In contrast, we noticed that MEA protein does not decay after pollination in cul4 mutants. Thus, it is possible that ubiquitylation controls its stability, although we cannot exclude that this accumulation mainly results from the persistence of the MEA transcript. Nevertheless, unscheduled MEA protein accumulation may alter FIS–PRC2 activity by, for example, titering some of its components or associated proteins. This may also explain the paradox why in the presence of more MEA protein, repression of the paternal MEA allele is lost.
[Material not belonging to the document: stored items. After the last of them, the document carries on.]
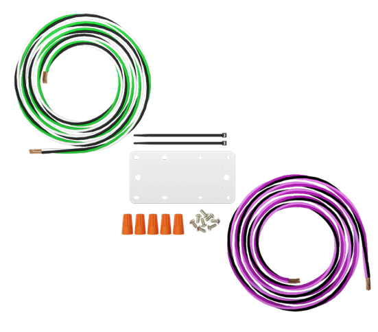
Daisy Chain Mount Kit: SR JOIN KIT

Continuous-run mounting is a breeze with the joiner bracket accessory.
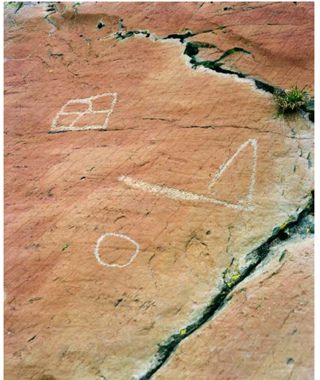
Philippe Durand © rights reserved © Adagp, Paris 2020
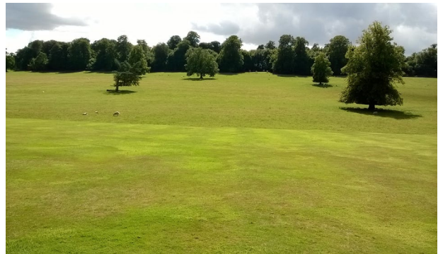
The hidden Ha-Ha at the end of the gardens.

If you would like to discuss access before your visit, please contact the property office on 01332 842191 or email kedlestonhall@nationaltrust.org.uk
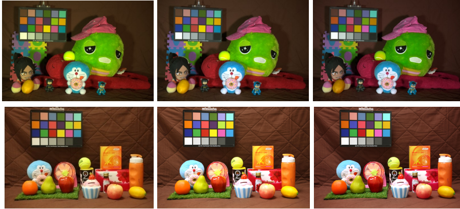
Figure 1: Left : input images. Center : output images after white balance using the von Kries CAT. Right : output images after white balance using the split-CAT. The white balanced images have been obtained using the same illuminant estimation. The illuminant vector is extracted automatically from the white patch of the color checker present in each image.

where \sqrt{N(p_{\mathbf{e}})} , \vartheta_{\mathbf{e}} and u_{p_{\mathbf{e}}} are calculated from \mathbf{e} using eq. (22). Finally, we convert the image from \overline{\mathbb{S}}_0^+ back to the HCV color space. Some examples of outputs, obtained by processing images from the NUS Indoor Dataset [10], are depicted in Figure 1.
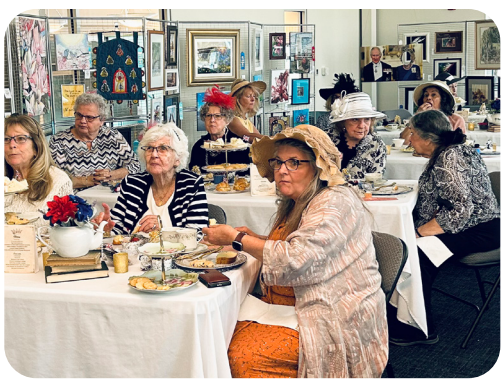
The Friends held a traditional Englishstyle coronation tea fundraiser this spring, their first event of this kind

We invite you to join the Friends of Ritter Public Library. We welcome your talents, ideas and desire to support the jewel of
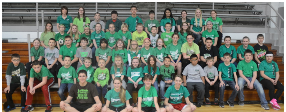
Right: Students wore green to show their support for FBLA's Go Green project.

Finally, it is also possible that CUL4–DDB1
MSI1 acts at the FIS–PRC2 level by a mechanism that does not imply protein degradation. In this respect, it is well established that CRL4 E3 ligases trigger different kinds of non‐proteolytic ubiquitylation reactions, including the assembly of K63‐linked polyubiquitin chains and monoubiquitylation. Thus, in the process of nucleotide excision repair after UV damage, a CUL4–DDB1
DDB2 E3 ligase (DDB2 being a WD40 substrate receptor) triggers non‐proteolytic ubiquitylation of XPC (xeroderma pigmentosum complementation group C) to permit its binding to damaged DNA (
Sugasawa et al, 2005) where it induces histone ubiquitylation, presumably to modify the chromatin structure at the sites of DNA lesions (
Kapetanaki et al, 2006;
Wang et al, 2006b). Interestingly, the fission yeast Cul4 associates with Clr4 histone methyltransferase and is required for RNAi‐mediated heterochromatin formation (
Hong et al, 2005;
Jia et al, 2005), although the CUL4‐mediated modifications, which are involved in this process, remain unknown. Future investigations will identify CUL4–DDB1
MSI1 E3 substrates and clarify its function(s) in PRC2‐dependent epigenetic regulation.